SHAP (SHapley Additive exPlanations)
Based on game theory - fairly distribute prediction among features:
import shap
explainer = shap.TreeExplainer(model) # Or KernelExplainer for any model
shap_values = explainer.shap_values(X)
# Summary plot
shap.summary_plot(shap_values, X)
# Single prediction explanation
shap.force_plot(explainer.expected_value, shap_values[0], X.iloc[0])
Interpreting SHAP Values
Base value (average prediction): 0.5
Feature contributions:
+0.3 income = $80K
+0.15 age = 45
-0.1 debt_ratio = 0.4
------
Final prediction: 0.85
Sum of SHAP values = prediction - base value
SHAP Plots
Summary plot: Feature importance + direction of effects
Dependence plot: How one feature affects predictions
Force plot: Single prediction breakdown
Waterfall plot: Step-by-step contribution
LIME (Local Interpretable Model-agnostic Explanations)
Approximate complex model locally with simple model:
import lime.lime_tabular
explainer = lime.lime_tabular.LimeTabularExplainer(
X_train.values,
feature_names=X_train.columns,
class_names=['Negative', 'Positive']
)
exp = explainer.explain_instance(X_test.iloc[0], model.predict_proba)
exp.show_in_notebook()
How LIME Works
- Generate perturbed samples around the instance
- Get model predictions for perturbations
- Fit weighted linear model locally
- Linear coefficients = feature importance for that instance
Pros: Model-agnostic, intuitive explanations Cons: Explanations can be unstable, depends on perturbation method
Partial Dependence Plots
Show average effect of a feature on predictions:
from sklearn.inspection import PartialDependenceDisplay
PartialDependenceDisplay.from_estimator(model, X, features=['age', 'income'])
Shows: Marginal effect, averaging over other features Limitation: Assumes feature independence
Individual Conditional Expectation (ICE)
Like PDP but shows line for each instance:
PartialDependenceDisplay.from_estimator(
model, X, features=['age'], kind='both' # Shows both ICE and PDP
)
Reveals heterogeneous effects across instances.
Counterfactual Explanations
"What would need to change for a different prediction?"
Prediction: Loan denied
Counterfactual:
- If income increased from $40K to $52K → Approved
- OR if debt_ratio decreased from 0.45 to 0.30 → Approved
import dice_ml
dice_exp = dice_ml.Dice(data, model)
counterfactuals = dice_exp.generate_counterfactuals(instance, total_CFs=3)
Attention Visualization (Deep Learning)
For transformer models, visualize attention weights:
# Which tokens the model focuses on
attention_weights = model.get_attention_weights(input)
# Visualize
import bertviz
bertviz.head_view(attention_weights, tokens)

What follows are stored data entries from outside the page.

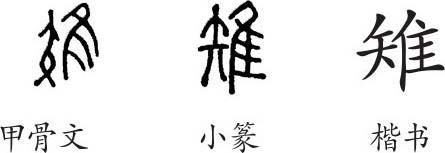 “雉”是会意兼形声字。甲骨文从隹(鸟),从矢,会用箭射取野鸡之意,矢兼表声。小篆整齐化。隶变后楷书写作“雉”。
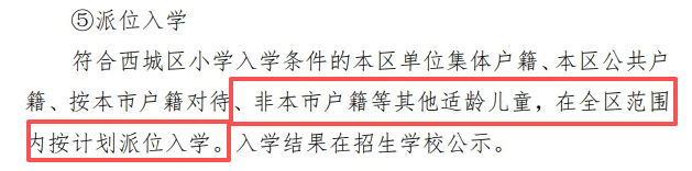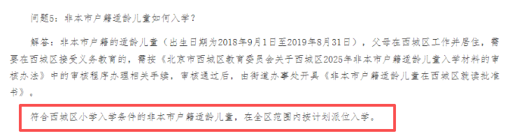 西城区2025年小学入学相关问答解答中说明西城区非京籍为全区范围内派位入学:符合西城区小学入学条件的非本市户籍适龄儿童,在全区范围内按计划派位入学,不占用登记入学学位。
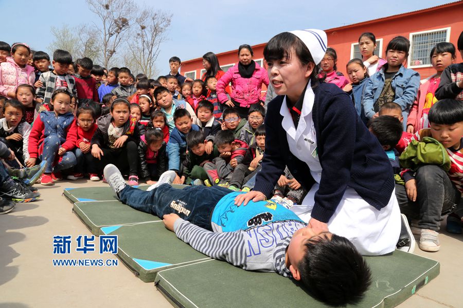 3月28日,一名醫(yī)務(wù)工作者在河南省溫縣徐堡小學(xué)指導(dǎo)學(xué)生學(xué)習(xí)心肺復(fù)蘇急救技能。
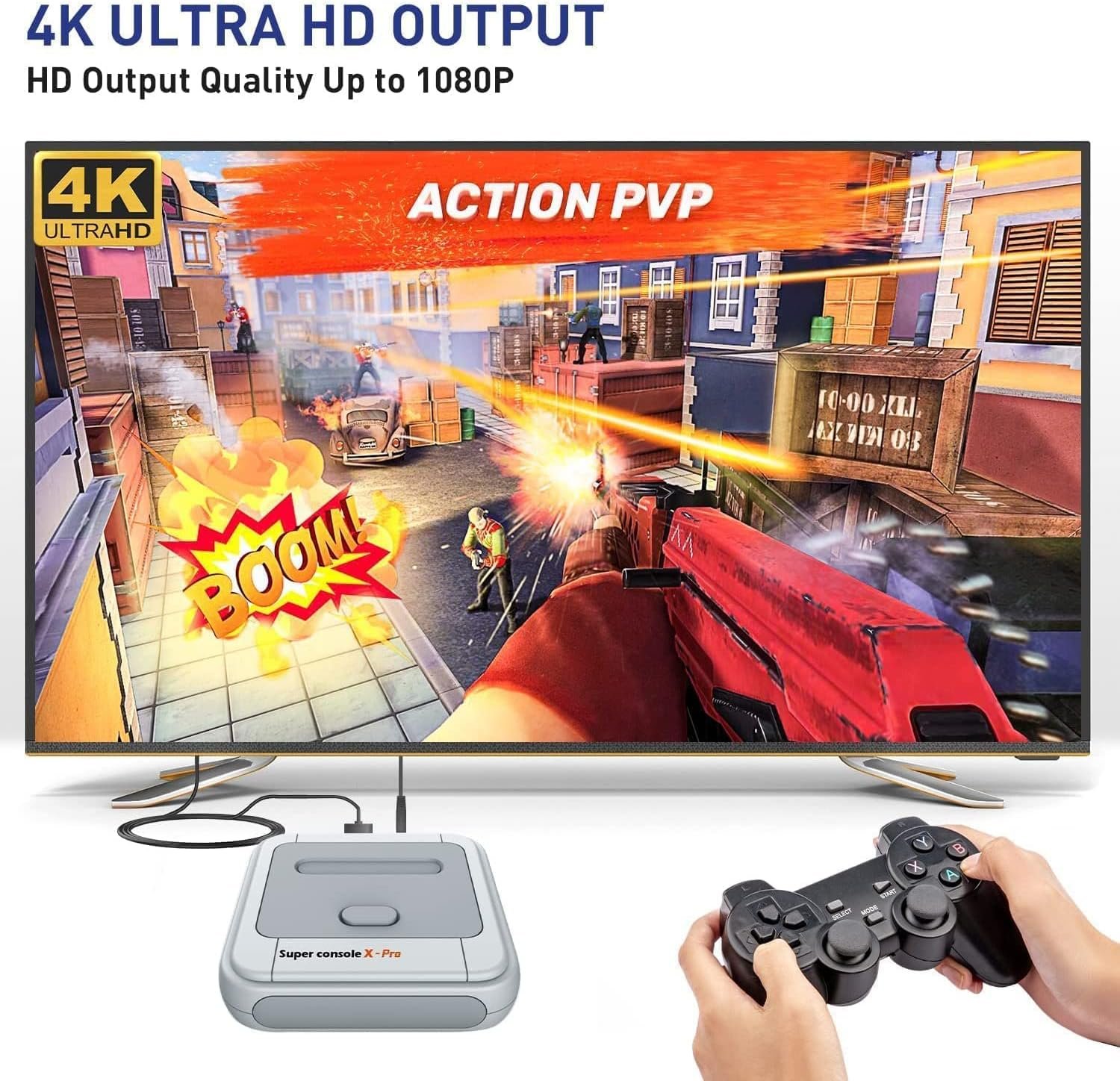 【Game & TV Systems In 1】Super console X PRO is equipped with an upgraded dual system. Support playing games, Downloading the app, Searching, and Watching TV online. Enrich our leisure time.
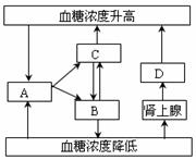 31.(8分)下图是人体血糖调节示意图,A表示有关的结构, B、C、D为激素,请回答有关问题:
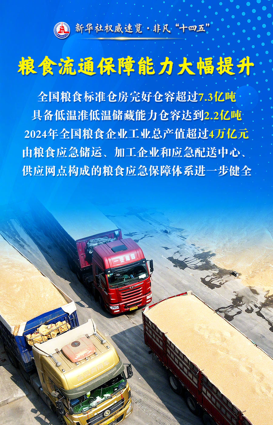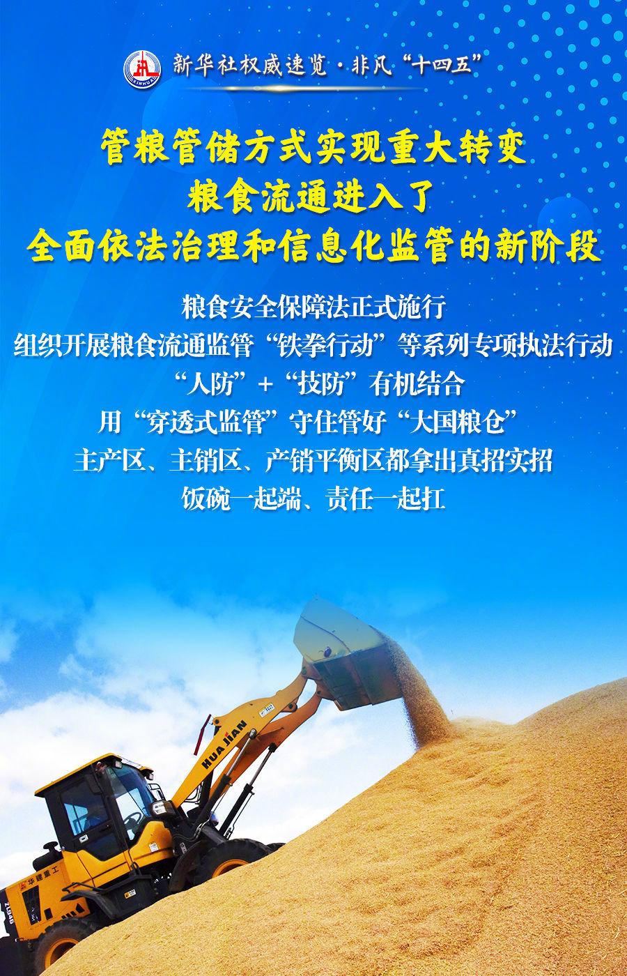 【新华社权威速览·#非凡十四五#|#保障国家粮食安全他们这样干#!】悠悠万事,吃饭为大。“十四五”时期,各地区各有关部门积极践行新粮食安全观,大力实施国家粮食安全战略,扎实推进粮食产购储加销协同保障,粮食流通改革发展各项任务进展符合预期,国家粮食安全得到有效保障,为经济社会高质量发展提供了有力支撑。跟随海报,一起了解。
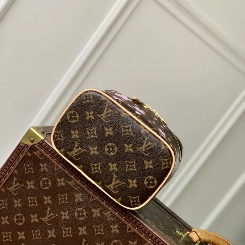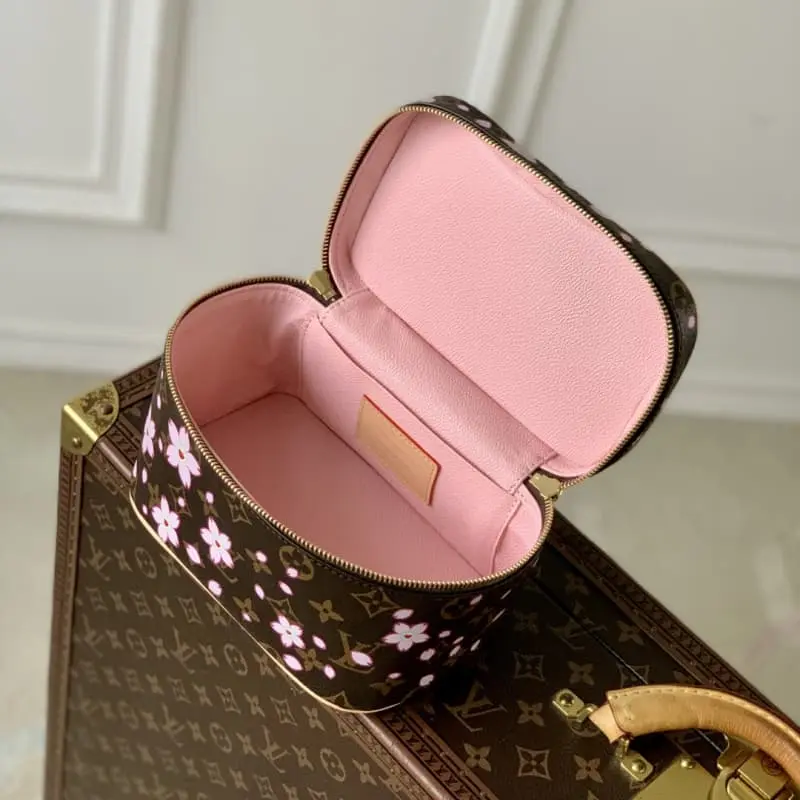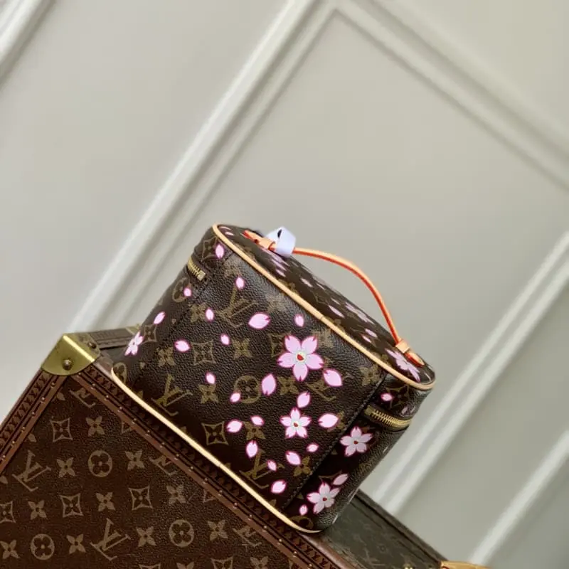 M14181 This Nice Mini Cosmetic Bag is made of Monogram coated canvas with rounded strokes to condense the boxy silhouette. The Cherry Blossom pattern exudes the joy of the Lbag x Takashi Murakami replica series. The cowhide leather handles highlight the exquisite details. The double zipper closure securely stores what you need on the go. 13.5 x 12 x 20 cm (H x W x L)
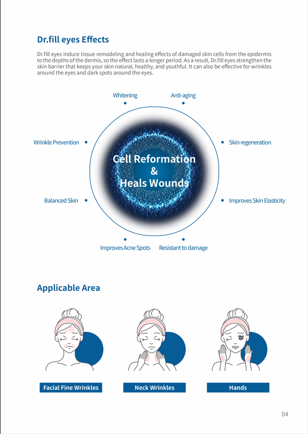 Dr. Fill Eyes is a regenerative skin treatment designed to rejuvenate and repair ageing or damaged skin. Formulated with polynucleotides (PN) derived from salmon DNA, it promotes cellular renewal, enhances skin vitality, and reverses visible signs of ageing. Administered via micro-injections into the epidermis, the treatment gradually revitalises the skin for a smoother, firmer, and more radiant appearance.
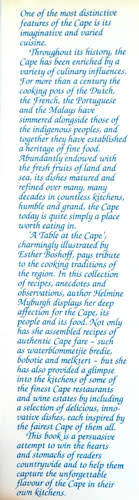 Synopsis: 'A Table at the Cape' charmingly illustrated by Esther Boshoff, pays tribute to the cooking traditions of the region (Dutch, French, Portuguese, Malay and Indigenous).It is a collection of recipes, anecdotes and observations.

Warning: Attention ≠ explanation. High attention doesn't always mean importance for prediction.
Explainability Trade-offs
| Model Type | Accuracy | Interpretability |
|---|---|---|
| Linear/Logistic | Lower | High |
| Decision Tree | Lower | High |
| Random Forest | Higher | Medium (importance) |
| XGBoost | Higher | Medium (SHAP) |
| Neural Network | Highest | Low (needs XAI) |
Best Practices
1. Start Interpretable
# Try simple first
baseline = LogisticRegression()
if baseline_score > threshold:
deploy(baseline) # Interpretable by default!
2. Combine Methods
- Global: Feature importance + PDP
- Local: SHAP + counterfactuals
3. Validate Explanations
- Do explanations match domain knowledge?
- Are they consistent across similar instances?

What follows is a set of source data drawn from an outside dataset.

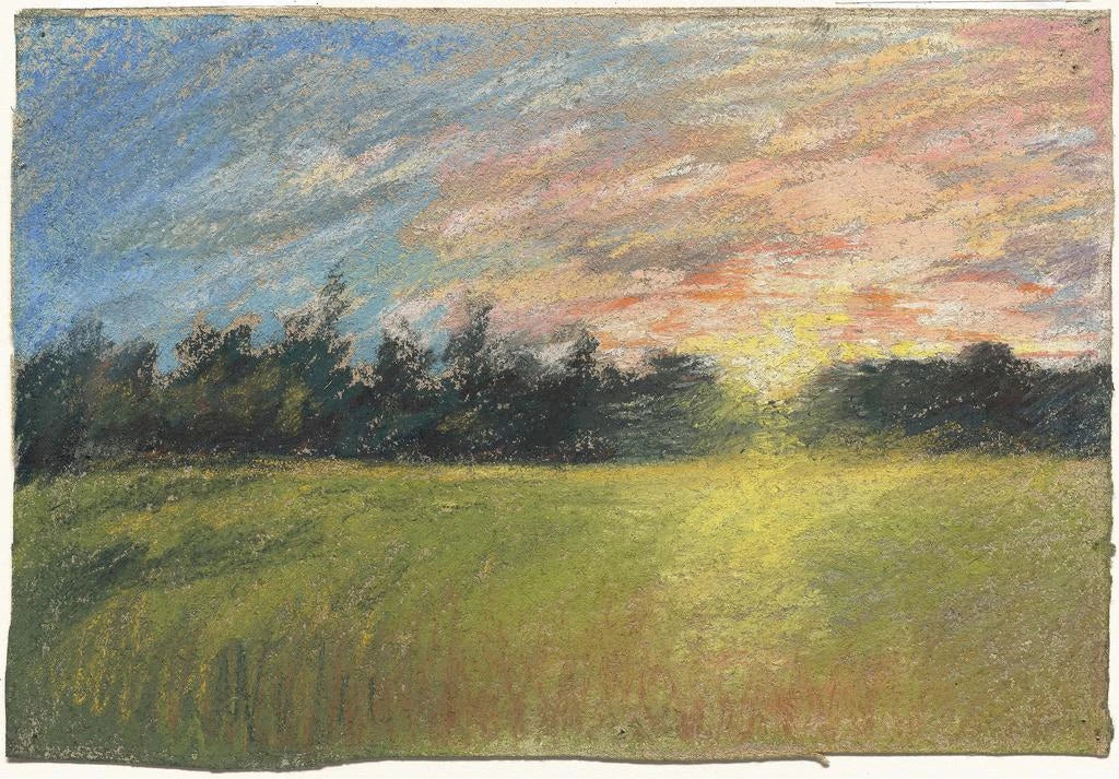 Un pré au coucher du soleil : harmonia między naturą a światłem
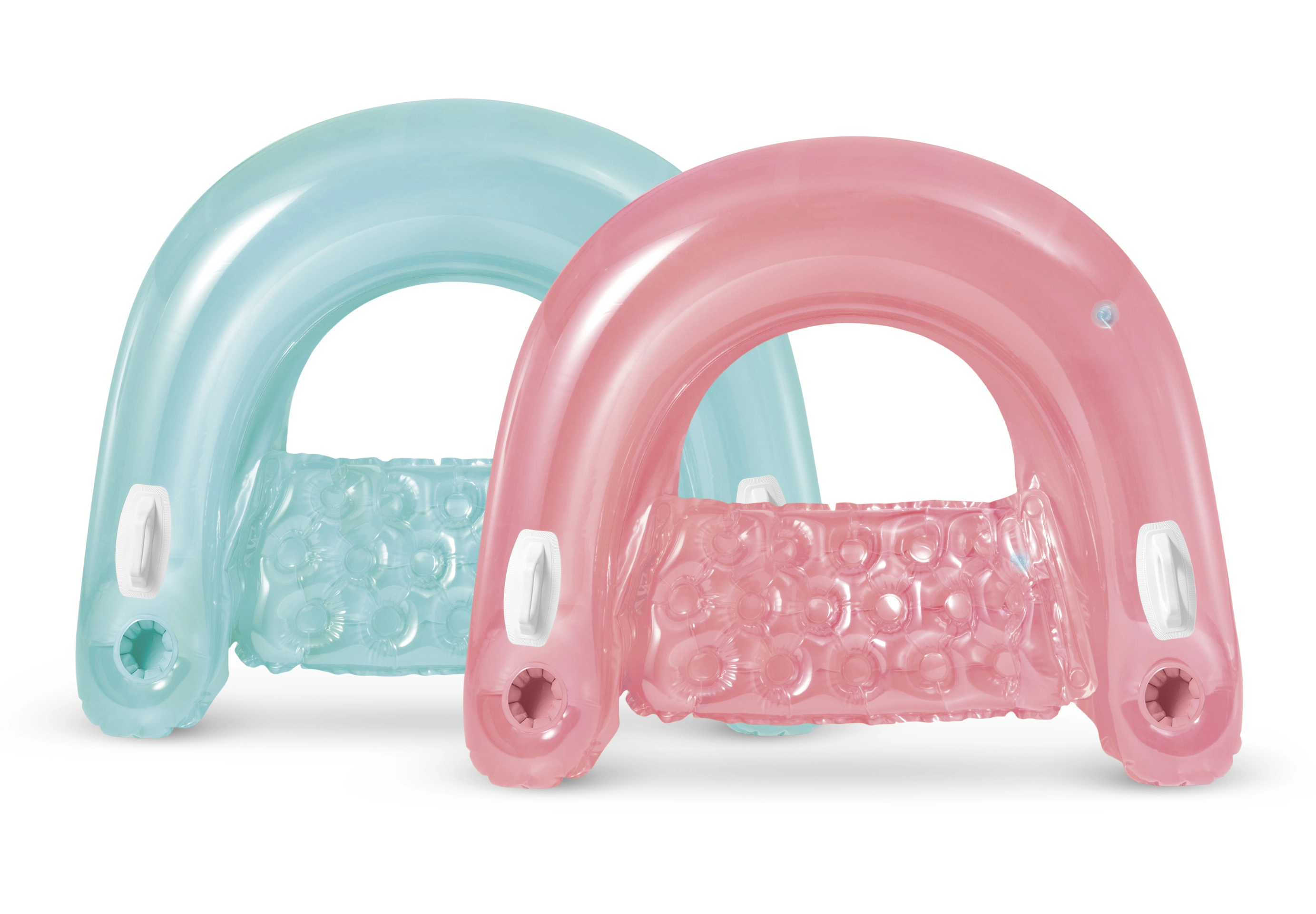 El elegante asiento inflable con forma de herradura es ideal para relajarse en la superficie del agua. Gracias a su material robusto y a su diseño bien pensado, ofrece estabilidad, comodidad y mucha diversión para niños y adultos.
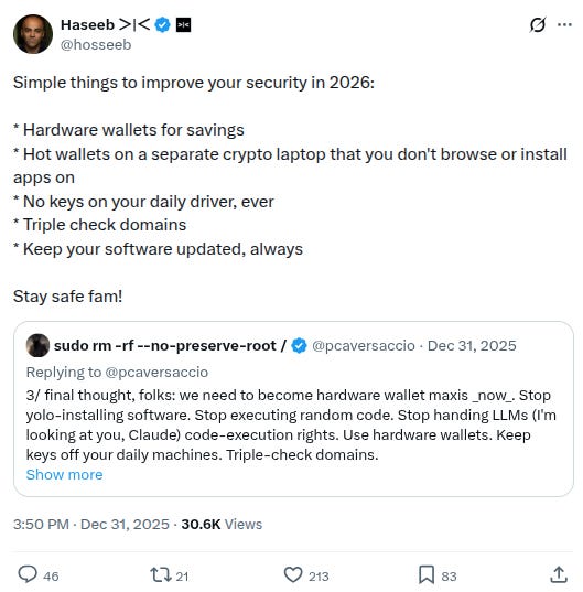 -Remember to be hypervigilant with security this year friends! Good reminder from @hosseeb below - especially re: having a separate laptop or Chromebook just for crypto and also triple-checking URL’s and addresses:
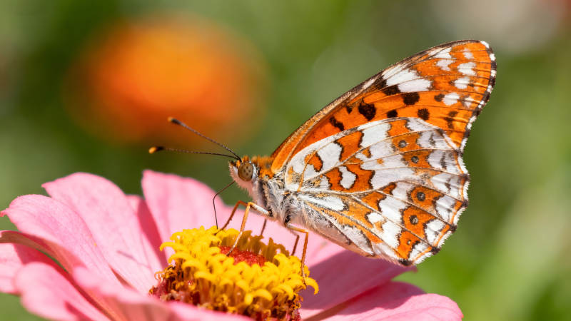 蝴蝶停在花朵上展现翅膀

- Do they reveal actual model behavior?
4. Document Limitations
- Explanations are approximations
- May not capture all model behavior
- Can be misleading if misused
Key Takeaways
- Interpretability builds trust and aids debugging
- Simple models (linear, trees) are inherently interpretable
- SHAP provides theoretically grounded feature attributions
- LIME gives local linear approximations
- Use multiple methods for robust understanding
- Always validate explanations against domain knowledge
- Trade-off exists between accuracy and interpretability